Traditional Transformers struggle to model dynamic long-range dependencies in temporal systems and fail to effectively regulate emergent coherence in complex systems. This work proposes a Dynamic Temporal Attention (DTA) mechanism, which for the first time integrates time-varying query, key, and value matrices into the Transformer architecture, enabling network components to interact with their own and neighboring units’ historical states. The approach reveals distinct regulatory roles of self-attention and neighborhood attention in modulating oscillatory coherence, achieves continual learning without catastrophic forgetting in Hopfield networks, and successfully governs social consensus behaviors. By doing so, it establishes a general paradigm for controlling coherence in complex dynamical systems.

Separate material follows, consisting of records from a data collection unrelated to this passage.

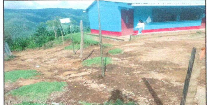
Foto 6: Lugar donde se colocará la malla perimetral para delimitar el espacio de la escuela

Observación: Si es necesario se pueden agregar hojas adicionales y actualizar el número de hojas.
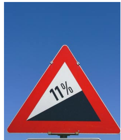
Aktives Insourcing steigert die Produktivität um mehr als 10 %.
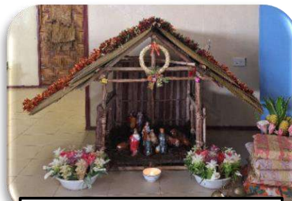
Kandang Natal di Paroki Matkomnai
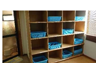
【脱衣かごの分散配置】
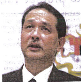
Tan Sri Dr Noor Hisham Abdullah

The Transformer, a breakthrough architecture in artificial intelligence, owes its success to the attention mechanism, which utilizes long-range interactions in sequential data, enabling the emergent coherence between large language models (LLMs) and data distributions. However, temporal attention, that is, different forms of long-range interactions in temporal sequences, has rarely been explored in emergence phenomenon of complex systems including oscillatory coherence in quantum, biophysical, or climate systems. Here, by designing dynamical temporal attention (DTA) with time-varying query, key, and value matrices, we propose an Emergence Transformer. This architecture allows each component to interact with its own or its neighbors' past states through dynamical attention kernels, thereby enabling the promotion and/or suppression of the emergent coherence of components. Interestingly, we uncover that neighbor-DTA consistently promotes oscillatory coherence, whereas self-DTA exhibits an optimal attention weight for coherence enhancement, owing to its non-monotonic dependence on network structure. Practically, we demonstrate how DTA reshapes social coherence, suggesting strategies to either enhance agreement or preserve plurality. We further apply DTA to the paradigmatic Hopfield neural network, achieving emergent continual learning without catastrophic forgetting. Together, these results lay a foundation and provide an immediate paradigm for modulating emergence phenomenon in networked dynamics only using DTA.